President Donald Trump has been working to boost the U.S. economy and bring jobs back to this country since his election in November 2016. Since taking office in January 2017, he has attempted to fund federal tax reform with dollars freed up from the repeal of Obamacare and with taxes on imported business inputs.

Neither of these efforts have been successful, which means the White House and Republican leaders have a tremendous challenge to overcome if they want to reform the taxes we pay as individuals and business owners. The dollars my family are able to keep in our business are dollars we will invest in ranching and in the businesses that support our ranch.

My family ranches south of San Angelo. My son is working there now, learning how to run things and be a part of continuing our family business.

Meanwhile, I spend days in my law office in San Antonio and in San Angelo working on behalf of my family and on behalf of ranching clients who, just like us, are trying to keep a family business going.

I’ve been fortunate to serve as chair of the Property Rights and Tax Committee of Texas and Southwestern Cattle Raisers Association (TSCRA), and to continue to serve as a director. Watching what Washington does with our personal and business taxes is of great personal interest and I know any changes made by federal leaders are of great interest to my fellow cattle raisers.

So, even though President Trump has hit some snags with funding federal tax reform, he has not given up.

On Sept. 27, the White House and Republican leaders of Congress and the leaders of the House Ways and Means and Senate Finance Committees released a short, readable document called “Unified Framework for Fixing our Broken Tax Code.” I highly recommend that you download and read the document. Type the title into any Internet search engine to find it. The House also recently released additional details of their plan, although those details are sure to change as negotiations progress.

The builders of the framework want to simplify individual tax rates. Right now, we have seven tax brackets that range from 10 percent to 39.6 percent. The authors recommend four tax brackets – 12, 25, 35 and 39.6 percent. They also substantially increased the standard deduction for married couples filing jointly to $24,000, up from $12,000. They recommend the same treatment for individual filers, increasing the standard deduction to $12,000, up from $6,000.

Most itemized deductions are eliminated under the new proposal.
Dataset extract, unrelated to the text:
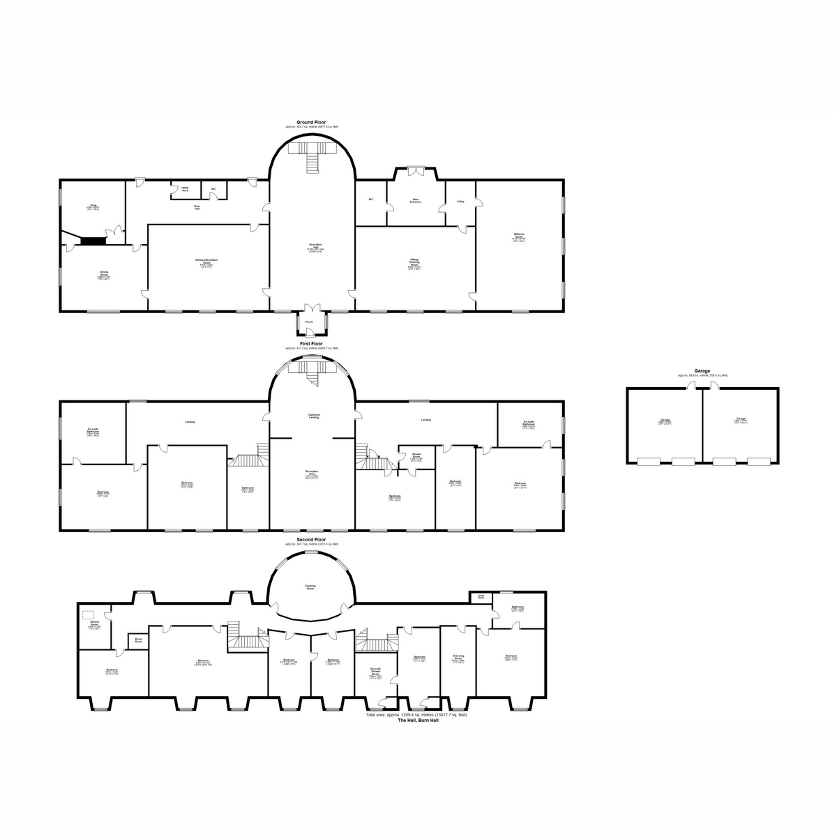 Burn Hall in Durham is a magnificent eleven-bedroom Grade II* listed sandstone mansion of enormous architectural and historical significance. It is a breath-takingly beautiful building of grand neo-classical design and incorporates some of the most exquisite external and internal detailing. Built in 1821 from the designs of renowned architect Ignatius Bonomi, who took influence from the original plans by Sir John Soane, it represents as being one of the finest period country homes in the north-east. In fact, Queen Victoria is quoted as declaring Burn Hall to be “the finest looking estate between the Humber and the Tweed”.Occupying a private position on the south-side of the historical city of Durham, it commands an impressive south-facing aspect with extensive far reaching views, across a stone ha-ha, towards the river Browney. The adjoining grounds of towards 17.14 acres are accessed via secure entry, up a long sweeping topiary drive through the Estate. The accommodation is highly versatile, offering undoubted scope for a variety of buyer requirements and potential uses, both residential and commercial. The current owners have undertaken significant improvement works in recent years, therefore ensuring that any would-be purchaser will inherit the Hall in superb condition and decorative order.Viewing is highly recommended.The Location:Positioned within the DH1 postcode sector, Burn Hall is ideally placed for highly convenient access to Durham city centre and excellent transport links, which includes the mainline train station offering regular services to both London Kings Cross in the south and Newcastle and Edinburgh in the north. It also benefits from good road links to the A1 and the A167 Durham to Darlington road.Brief History:In 1621, the Burn Hall estate was purchased from the Claxton family by Christopher Peacock; then sold again in 1715, to Postumous Smith. Original plans were drawn in 1783, by Sir John Soane, however were subsequently abandoned. In 1806 the Burn Hall estate was purchased from Mrs Alice Hall by William Salvin. Brian John Salvin commissioned Joseph Ignatius Bonomi to design a new mansion. The building we see today was built between 1821 and 1834 by a local builder, Moody of Ushaw. The older house is thought to have stood on the hill above Browney Bridge, at the southern tip of the estate. Burn remained within the Salvin Family until Marmaduke Henry Salvin died in 1924, where-upon in 1926 it was acquired by Saint Joseph's Missionary Society of Mill Hill, which established a Catholic Seminary there for many years. Today, it is one of only a few remaining grandiose mansions in County Durham. The current owners purchased the property in 2009 and have undertaken extensive and sympathetic improvements, bringing the property up to its current, refurbished and high finished standard throughout.Noteworthy Features:As a fine country house dating from 1821-1834, built from the designs of Ignatius Bonomi, by Moody of Ushaw, for B. J. Salvin. The key architectural features include: Exterior: •Fin ely dressed sandstone ashlar with graduated Westmorland slate roof •Symmetrical main elevation with sashed bays and channelled rustication. •A giant central tetrastyle unfluted Ionic porte-cochere •Fluted Ionic porch and flanking sashes. •6 panel round-headed entrance door in rusticated hollow reveal. •Large Georgian sashes with glazing bars; including shutters and some with internal window seats •Blocked lunettes over ground floor sash windows to the end bays, with scrolled keystones and foliage-carved spandrels. •Outer bays project slightly and have wide pilasters flanking the windows. •Top entablature and roof parapet, balustraded over the windows. •Mansard roof with square-headed second floor windows and stone plinth balustrade •Tall ashlar chimneys with plinths and cornices. •Stone Ha-Ha at the front elevation •Wrought iron electric entrance gate with secure access. Further continued wrought iron estate fencing. Interior: •Imperial stair with wreathed handrail and double curtail on first central flight. Attractive gothic cast iron balustrade. •Drawing room has panelled dado and rich rococo stucco ceiling with fruit and flower decoration. •The hall has a modillioned cornice •Rich stucco cornices in a variety of other rooms. •A variety of ornate stone and wood fire surrounds in both the reception rooms and bedrooms •Feature stained glass picture-windows to the galleried landing •Rear ground floor passage has two round-headed niches with enriched lugged mouldingsThe Accommodation:Central Hall –With flooring and highly decorative mouldings. Imperial staircase dividing on first flight; Multi fuel stove inset to marble surround; Two sash windows with shutters.Drawing Room –Ornate feature fireplace and decorative ceiling mouldings; Exposed wood floor;Three sash windows with shutters.Library/Billiards Room –Ornate carved fire surround and decorative ceiling mouldings; Wood panelling and fitted book shelving; Exposed wood floor; Four sash windows with shutters.Kitchen –Solid wood cabinetry and thick granite worktops; A large central island with a double sink; breakfast bar and integrated appliances. Exposed wood floor; Decorative ceiling mouldings; Three sash windows with shutters.Dining Room –With decorative mouldings and feature fireplace; Three sash windows with shutters; Walk-in cupboard.Botanical Room –Multi fuel stove with feature surround; Wood panelling; Shelved cupboard; Sash window with shutters.Back Hall –Utility room; Cloakroom, Cloaks cupboard; Shelved cupboard; Door to rear external.Rear Entrance Hall -Exposed wood floor; Feature fireplace.WC –WC; wash hand basin.Galleried Landing –Three feature stained glass sash picture windows above over double flight of stairs leading to an open gallery beyond the landing. Two sets of doors, both with surrounding stained glass detailing, providing access to the east and west w

From what I have read and learned, their thinking is that most of deductions we have today will be unnecessary because the tax rates will be going down and we simply won’t need them. However, the authors retain the deductions for home mortgage interest, state and local property taxes and charitable giving.

TSCRA has worked for decades to get the onerous death tax repealed. Under this framework, after five years, the death tax will be fully and permanently repealed. In the meantime, tax exemption rates are immediately doubled for individuals and couples, and are indexed for inflation. The step-up in basis is also preserved.

An important reform for small business entities like partnerships, sole proprietorships, LLCs and subchapter S corporations is that income taxes from those business entities, on an individual return, are capped at 25 percent.

There is also a provision, that for at least a five-year period, any capital investments made after Sept. 27, 2017, can be immediately expensed. This is a good reform for business.

While most of the components of this tax reform framework are positive and accomplish many of TSCRA’s long-standing highest priorities, changes are likely, and two of the main funding mechanisms for it have been terminated–at least for the foreseeable future.

In the process of producing a tax reform bill we have to be certain that some of the most important parts of the tax code we rely on don’t get washed away. TSCRA members have given clear direction to the association leaders and staff who are working on the tax reform issue. At the summer meeting in June and at the policy conference in September, TSCRA members passed resolutions that support retaining the 1031 like kind exchange and business expense deductions. Both are retained in the first version of the House bill.

TSCRA members also recommitted to the association’s policy to revise estate and gift taxes to reduce the burden on family ranches. These policies provide us with the tools TSCRA can use to advocate for tax reform on behalf of the members.

This is a great time to get involved. Contact your congressmen and let them know how you feel about federal tax reform.

Your voice, as the business owner who will be paying taxes and trying to keep your family ranch going, is the important voice they need to hear.